Hello, Van! Where are you, and how are you?

In scummy Newcastle [, England]. It’s class! We just played at an outdoor venue to 5,000 wild Geordies [Ed.note: People from an area of northeastern England].

 

After two years on the road, do you ever want to take a break?

Nah. There are artists who like recording music, but we love touring. We do albums as quick as we can. Writing songs is about adding to the set list. Like writing a script and watching it play out in front of ya.

 

Are there bands you look to for career inspiration?
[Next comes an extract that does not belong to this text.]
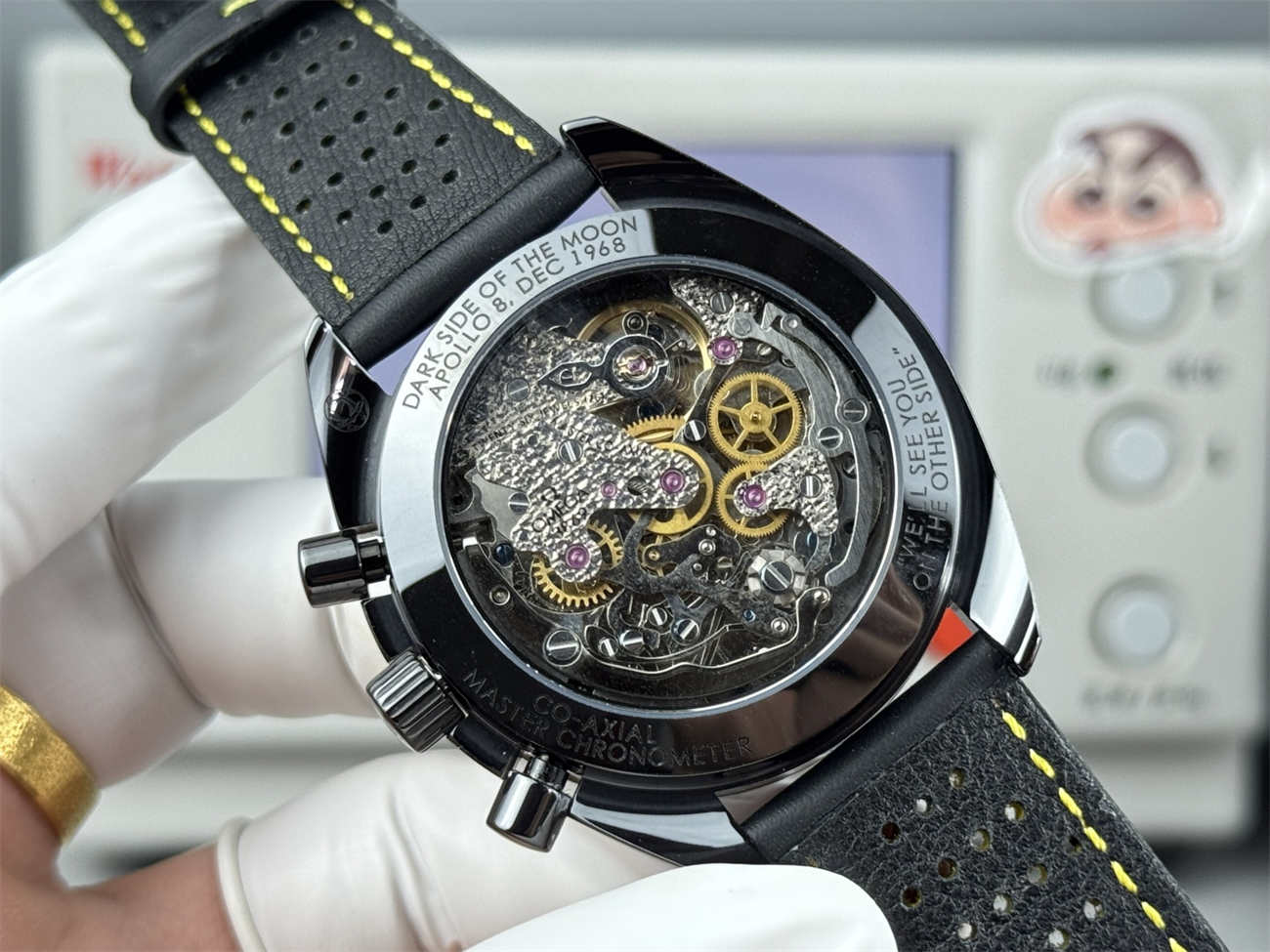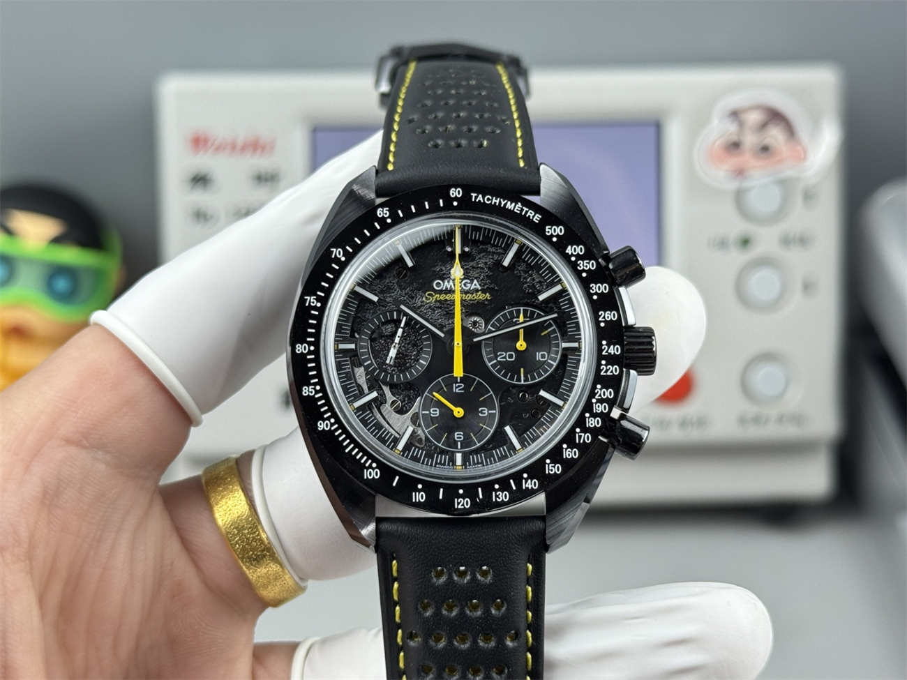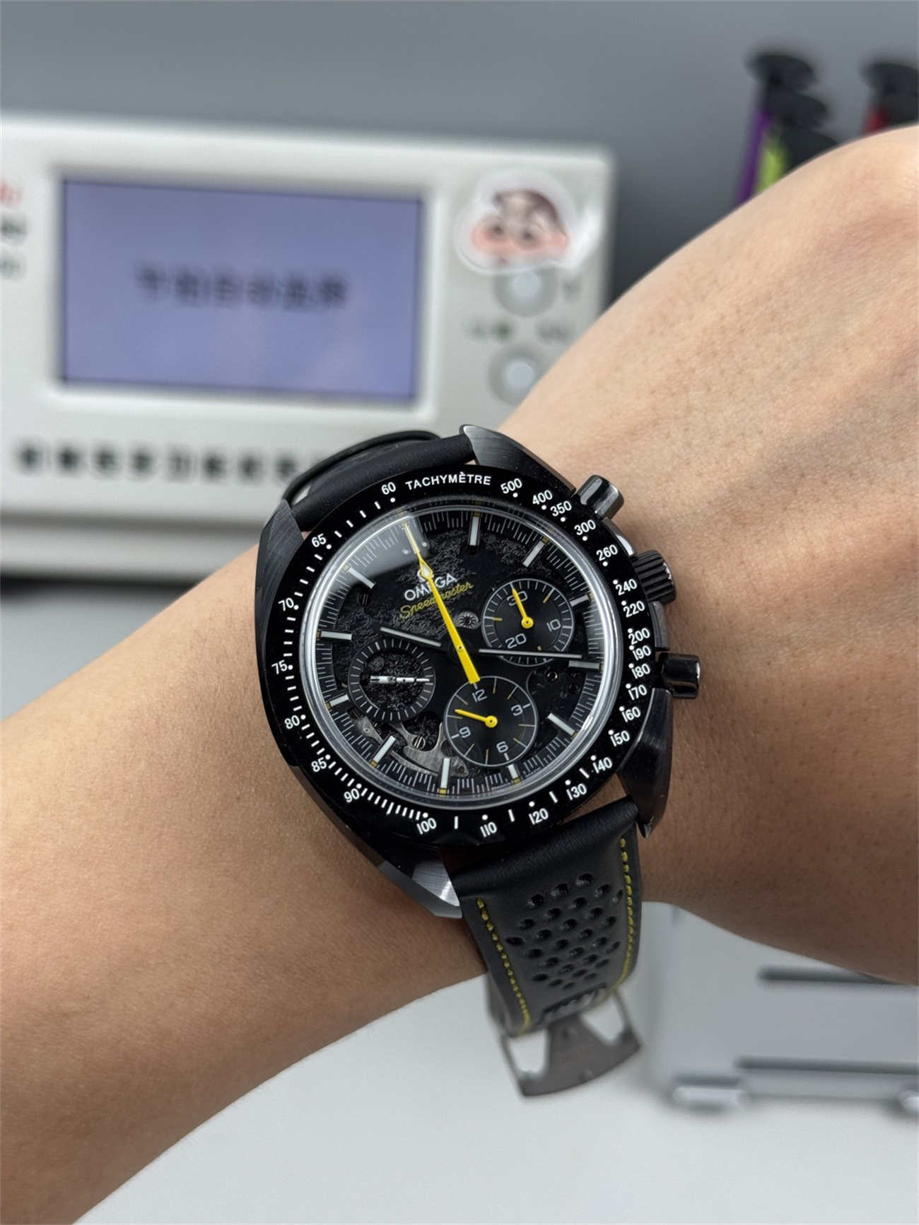Unlike cheap PVD replicas that scratch and show steel underneath, this Omega Speedmaster Apollo 8 replica is made of solid black ceramic. It feels cool on the skin, is hypoallergenic, and will never fade. The bezel numbers are filled with bright white enamel for long-lasting legibility.

Me and Bondy [guitarist Johnny Bond] were up on the balcony, watching the Killers headline Governors Ball. We had a proper arms-up moment, belting their tunes. They’re dons, proper legends.

 

What are your rules for the road?

Follow the craic! [Ed. note: Craic is Irish slang for “good times.”] We just go out wherever’s good. Every night is a night out for us; we play sold-out gigs and go nuts with the crowd.

 

What about daytime?

The boys play golf. In America there are Tin Cup courses. For $10 you get clubs, a golf cart and a beer.

 

The Ride contains loads of references to drinking. What’s your booze of choice?

I love Australian white wine, me. Don’t have a specific brand. Never liked wine. Couldn’t even look at it. Then I went to see Van Morrison with my dad at a black-tie thing, and it was all that was on the table.

 

What is it about your lyrics that fans connect with?

People get tattoos of them, but it’s hard to know. I write lyrics as if I’m texting somebody, having a laugh with it. Everything’s based on making euphoric melodies that blow 

the doors off.

 

How do you keep it real when you’re out there in front of thousands every night?

We’ve never been caught up in another world. It’s just me and the lads living on the road, always. We’ve never been like, “Oh, let’s get signed and move to London and be that band.”

What’s your relationship like with New York?

[Mumford & Sons bassist] Ben Lovett, who signed us [to his label, Communion Records], flew me over when I was younger. That was the first time that music put me on a plane. I proper felt the impact. Every time it makes me feel like being an extra on a set—what am
I doing here?

 

If you could have anyone standing at the back of your upcoming NYC gig, who would it be?

Where does the Rock live? Imagine! Probably Mike Myers, but he’d need to come as Austin Powers, my favorite character of all time. I idolize him over anyone. Is he my spirit animal? Oh, he’s in a different league from me.

 

What’s happening with the third record?

If the label said it wanted another album before Christmas, it would be there. We’d go every six months if we could.